▶ [STUDY MATERIAL]:
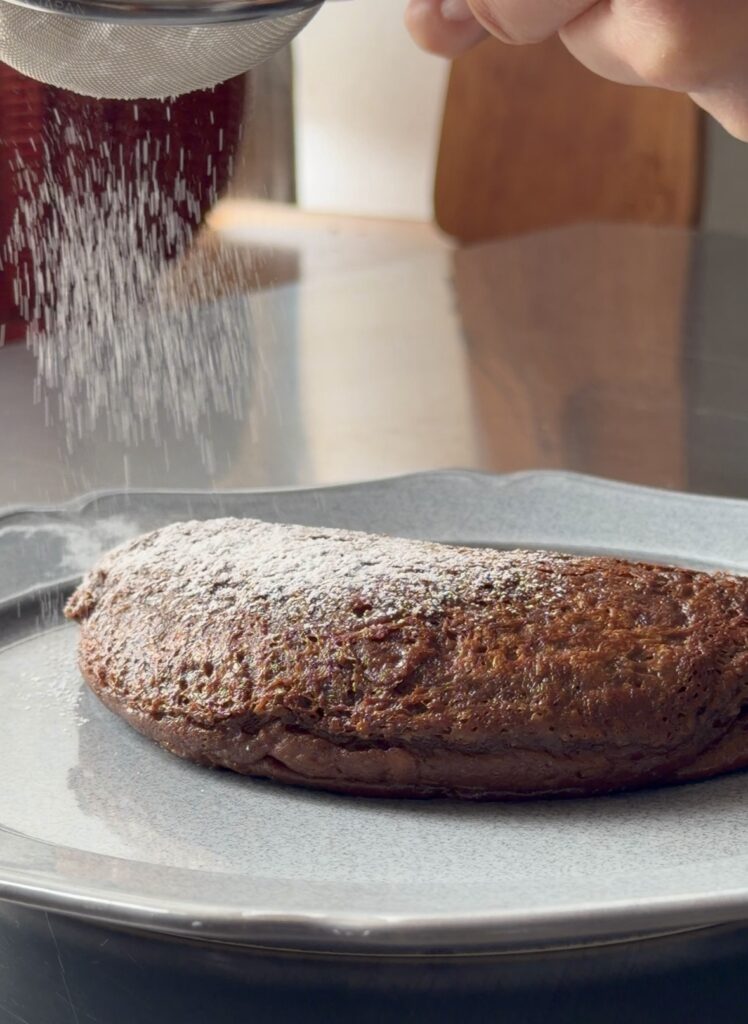 ⑤皿に移し、粉糖をふって完成
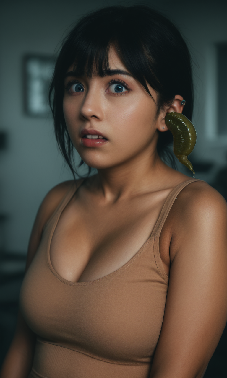 这个LoRa将帮助你生成一幅逼真的图像,描绘一名女性耳朵中伸出一只蛞蝓寄生虫。你可能需要调整提示词和LoRa权重,以获得理想效果。
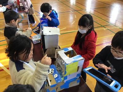 お客さんは1年生と先生方です。2年生は1か月前から「どのようにしたらおもちゃの動きがよくなるのか」「お客さんに楽しんでもらうためにはどんな工夫をすればよいか」などについて話し合い、準備を進めてきました。
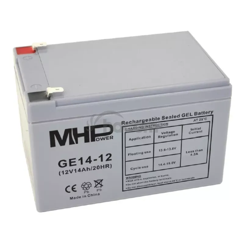 - MHPower GE14-12 Gélový akumulátor 12V/14Ah, Faston F2 - 6,3mm, Deep Cycle GE14-12
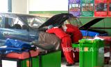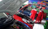 REPUBLIKA.CO.ID, YOGYAKARTA -- Siswa melakukan perawatan kendaraan di bengkel Unit Produksi Jasa dan Teaching Factory SMKN 2 Yogyakarta, Selasa (17/4/2023).
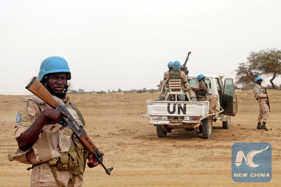 File Photo: UN peacekeepers stand guard in the northern town of Kouroume, Mali, May 13, 2015. (Xinhua/REUTERS)
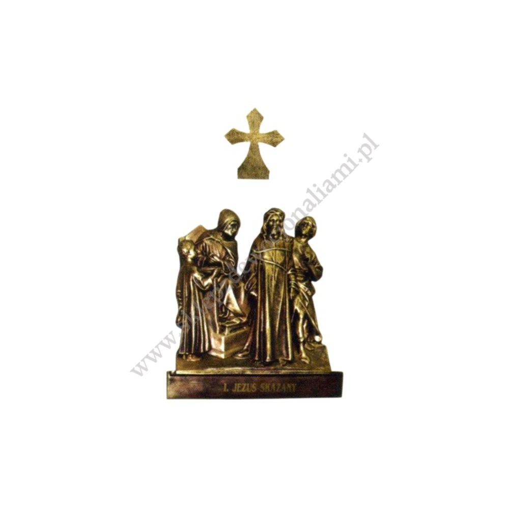 Komplet figur Stacji Drogi Krzyżowej wykonanych z żywicy epoksydowej w kolorze patyny złotej.
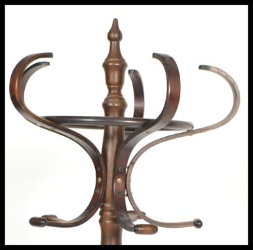 A vintage 20th century Thonet style bentwood hat stand being raised on splayed legs with s-shaped hooks atop. 183cm high
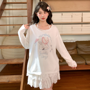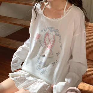 可爱印花防晒罩衫 T恤女春新款 上衣 白色长袖 森女部落甜美薄款

▶ [WHAT YOU HAVE TO DO]: Print each line of the listing, starting at its first and ending with the line that holds "A vintage 20th", but skip any pictures.

▶ [RESPONSE TO THIS EXERCISE]:
 ⑤皿に移し、粉糖をふって完成
 这个LoRa将帮助你生成一幅逼真的图像,描绘一名女性耳朵中伸出一只蛞蝓寄生虫。你可能需要调整提示词和LoRa权重,以获得理想效果。
 お客さんは1年生と先生方です。2年生は1か月前から「どのようにしたらおもちゃの動きがよくなるのか」「お客さんに楽しんでもらうためにはどんな工夫をすればよいか」などについて話し合い、準備を進めてきました。
 - MHPower GE14-12 Gélový akumulátor 12V/14Ah, Faston F2 - 6,3mm, Deep Cycle GE14-12
 REPUBLIKA.CO.ID, YOGYAKARTA -- Siswa melakukan perawatan kendaraan di bengkel Unit Produksi Jasa dan Teaching Factory SMKN 2 Yogyakarta, Selasa (17/4/2023).
 File Photo: UN peacekeepers stand guard in the northern town of Kouroume, Mali, May 13, 2015. (Xinhua/REUTERS)
 Komplet figur Stacji Drogi Krzyżowej wykonanych z żywicy epoksydowej w kolorze patyny złotej.
 A vintage 20th century Thonet style bentwood hat stand being raised on splayed legs with s-shaped hooks atop. 183cm high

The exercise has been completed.